Jubileusz nie dla dzieci z niepełnosprawnością? Skandaliczna sytuacja w Łukowie
- Tylko jak dziecko jest leżące, z porażeniem czterokończynowym, które nic nie rozumie, nie słyszy, to wiadomo, że nie ma sensu, żeby takie dzieciątko było na uroczystości – tak Danuta Kowal, dyrektorka Specjalnego Ośrodka Szkolno-Wychowawczego oraz Ośrodka Rewalidacyjnego w Łukowie tłumaczyła Radiu Tok Fm to, dlaczego dzieci z niepełnosprawnościami nie mogą uczestniczyć w gali z okazji Jubileuszu szkoły. Udział w uroczystości zapowiedział m.in. Minister Edukacji i Nauki – Przemysław Czarnek.
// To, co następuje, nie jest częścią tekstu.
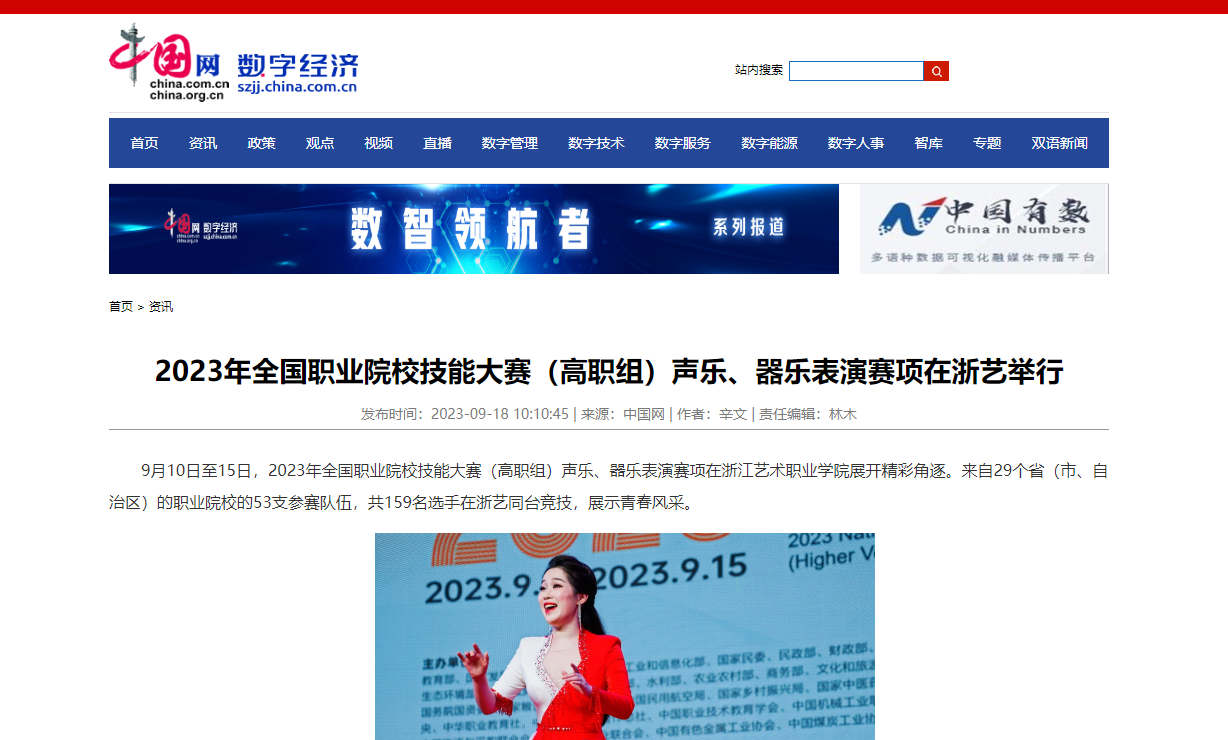 中國網(wǎng):2023年全國職業(yè)院校技能大賽(高職組)聲樂、器樂表演賽項(xiàng)在浙藝舉行

Jak donosi radio Tok FM zatrudnieni w placówkach nauczyciele mieli przekazać rodzicom, że w związku z uroczystościami jubieluszowymi mają zabrać wcześniej niż zwykle (do godz. 12) uczniów z klas I-III, ale też wszystkie dzieci z Ośrodka Rewalidacyjnego.
„Dlaczego mamy wykluczać dzieci?”
- Dzieci w tym ośrodku to osoby m.in. z porażeniem mózgowym, niejednokrotnie leżące, ale też z innymi niepełnosprawnościami. Część z nich czasami pluje, ślini się, zdarza się krzyk, agresja. Ale jakie to ma znaczenie? To są wychowankowie naszej szkoły. Kochamy ich, wychowujemy, uczymy. Dlaczego z tego powodu, że przyjeżdża minister czy inna „świta” mamy je wykluczać? – mówił w rozmowie z radiem jeden z nauczycieli.
Parking tylko dla gości
Kolejne ograniczenie przyjęte przez szkołę dotyczy parkingu. Od godziny 12 ma on służyć jedynie gościom szkoły. Oznacza, to że rodzice dzieci o najpoważniejszych niepełnosprawnościach, które nie mogą samodzielnie opuścić budynku, muszą je do tego czasu zabrać ze szkoły.
„Nie ma sensu, żeby takie dzieciątko było”
Dyrektor Danuta Kowal tłumaczy przyjęte ograniczenia względami sanitarnymi.
- Ze względów pandemicznych musimy dokonać pewnej klasyfikacji - rodzic z dzieckiem ma prawo być na korytarzu. Tylko jak dziecko jest leżące, z porażeniem czterokończynowym, które nic nie rozumie, nie słyszy, to wiadomo, że nie ma sensu, żeby takie dzieciątko było – stwierdziła w rozmowie z radiem Tok FM.
Opisana przez tę stację sytuacja wywołała burzę w mediach społecznościowych.
Twitter zawrzał
„Nie mam więcej pytań... segregacja zamiast edukacji włączającej...” – skomentowała na Twitterze sprawę posłanka Lewicy Katarzyna Kotula.
„Co prawda jesteśmy przeciwko aborcji, ale lepiej, żeby dzieci z niepełnosprawnościami nie obnosiły się ze swoim istnieniem. Minister Czarnek mógłby tego nie wytrzymać” – skomentował z kolei Wojciech Sawicki znany szerzej jako DJ Carpigiani.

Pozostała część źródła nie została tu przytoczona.